XHUL-FM

Mérida, Yucatán; Mexico;
- Frequency: 96.9 MHz
- Branding: Los 40

Programming
- Format: Contemporary hit radio
- Affiliations: Radiópolis

Ownership
- Owner: Cadena RASA; (Radio Progreso de Yucatán, S.A. de C.V.);
- Sister stations: XHMH-FM, XHMQM-FM, XHPYM-FM

History
- First air date: August 31, 1971 (concession)
- Former call signs: XEUL-AM
- Former frequencies: 1360 kHz, 930 kHz

Technical information
- ERP: 25 kW
- Transmitter coordinates: 20°58′30″N 89°37′20″W﻿ / ﻿20.97500°N 89.62222°W

Links
- Website: cadenarasa.com

= XHUL-FM =

Radio station in Mérida, Yucatán, Mexico

XHUL-FM is a radio station on 96.9 FM in Mérida, Yucatan, Mexico. It is owned by Cadena RASA and carries the Los 40 format from Radiópolis.

==History==
XEUL-AM 1360 received its concession on August 31, 1971. It broadcast with 500 watts from Progreso, Yucatán, and was owned by Ester Ávila Alonso. It moved to 930 in Mérida, with 2.5 kW day, in the 1990s and was sold to Radio Progreso de Yucatán in 1997. The station was known as "Radio Barracua" and became a grupera as La Picosita in early 2000s.

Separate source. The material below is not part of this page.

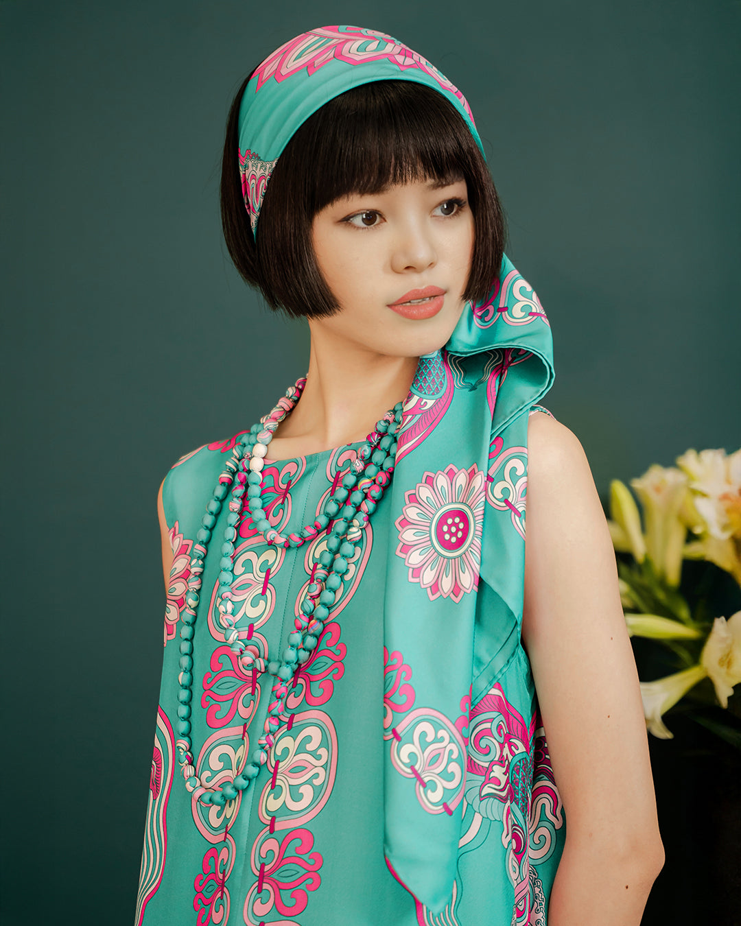 Inspired by thousand-year history of Thang Long Citadel, "Dragon of Grace" print is designed from ancient artifacts of Ly Dynasty such as dragon, border carvings, carved bodhi leaves, and lotus thrones, each relic embodying the distinct essence of Buddhism. These elements blend seamlessly, evoking a mystical realm between reality and dreams, past and present—where celestial dragons converge, imprinting heritage’s timeless beauty onto the scarves of our time.

It migrated to FM after being authorized to move in 2010 and its call sign was changed to XHUL-FM. During the AM-FM migration it became "Átomo 96.9", which lasted until June 1, 2015, when it became the Los 40 station in Mérida; the format had broadcast on XHMYL-FM since 2005.

On January 1, 2023, Cadena RASA moved the Los 40 format and on-air staff from XHUL-FM 96.9 to XHPYM-FM 103.1 and leased XHUL-FM to El Heraldo Radio. The Heraldo programming was dropped on November 29, 2024 and the Los 40 returned to the 96.9 frequency on January 1, 2025.